У меня с ним не было никакого объяснения по поводу его долгов. Он в то время ограничился тем, что поблагодарил меня «за обязательность, с которой я помогла ему выпутаться из кое-каких временных денежных затруднений». Но тут я решилась поговорить с ним в решительном тоне и просто-напросто приказать ему отпустить жену к нам в Мальгрету вместо того, чтобы тратить ее приданое на покупку поместья, которое потом так легко было бы спустить. Он попробовал упираться, горячиться, быть резким и язвительным. Он ощущал потребность поссориться с нами и сохранить жену исключительно под своим влиянием, рассчитывая таким образом склонить ее к своему плану. Когда он увидел, что я угадывала его намерения, он был вынужден притворяться, чтобы отвлечь мои подозрения. Он сдержал свою досаду, уступил, и первые же дни мая застали нас всех вместе в Мальгрету.
Здоровье Ады и ее дочери поправлялось быстро. Ремонвиль, по-видимому, был в восторге от нашего местопребывания, но семейная жизнь вскоре наскучила ему, и он вернулся в Париж, сочинив целую историю о том, что он давно уже домогается места в министерстве финансов; что до сих пор не представлялось такого, которое соответствовало бы его общественному положению и способностям; но что вот друзья ему пишут и советуют показываться почаще, напоминать о себе, так как министр в скором времени рассчитывает предоставить ему открывающуюся вакансию.
Я не далась в обман, но должна была делать вид, что верю этой басне, чтобы рассеять подозрения моей сестры, которая начинала кое о чем догадываться. Он вернулся только осенью. Место, на которое он рассчитывал, чуть-чуть не досталось ему. Зато он успел наделать новых долгов.
Рассказывать ли тебе дальше? В три года двух третей моего состояния как не бывало, и единственное, чего я могла добиться от де Ремонвиля ценою этих жертв, было обещание соблюдать внешние приличия, никогда ничего не просить у моего отца и не показываться публично в обществе недостойной соперницы его жены. Но три четверти его жизни проходили в доме, меблированном и содержимом на мои деньги, и весь Париж знал об этой постыдной связи.

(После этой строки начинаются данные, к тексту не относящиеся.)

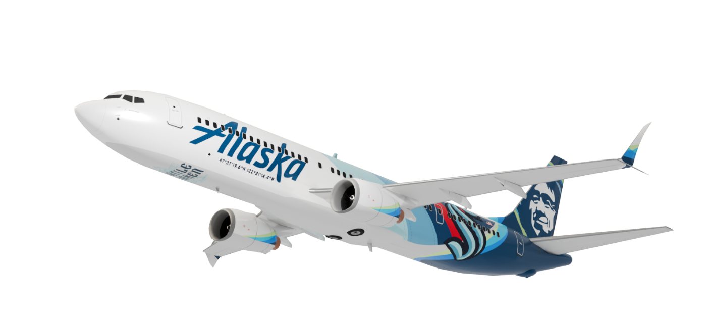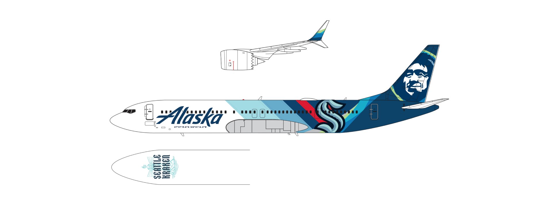 The Alaska Airlines plane with new Kraken livery will appear in a takeoff pose.

Я не думаю, что он действительно любил эту женщину. Тщеславие его упивалось той роскошью, которую он ей доставлял, и той обстановкой, которой она окружила его. Она была одна из модных куртизанок и умела принимать, как мне сказывали. Ремонвиль развертывался у нее во всю свою ширь и находил более или менее искренних поклонников. Он умел удерживать обычных посетителей этого дома позора, выставляя им напоказ свою щедрость и расточая обещания, основанные на его мнимом влиянии у министров. Влиятельности его не совсем верили, но в богатстве его никто не сомневался.
Что касается Ады, то потому ли, что она угадывала истину и хотела ее скрыть от нас, потому ли, что она действительно ничего не подозревала, только она не жаловалась. Напротив, она выказывала желание проводить зимы в Париже, вместе со своим мужем. Я опасалась его влияния на нее, и мне удалось удержать ее до января. Потом я последовала за ней вместе с отцом, и таким образом предупредила растрату ее состояния. Весной мы привезли ее опять в Мальгрету, беременной во второй раз, и к осени она родила довольно благополучно мальчика, которому дали в честь моего отца имя Генри.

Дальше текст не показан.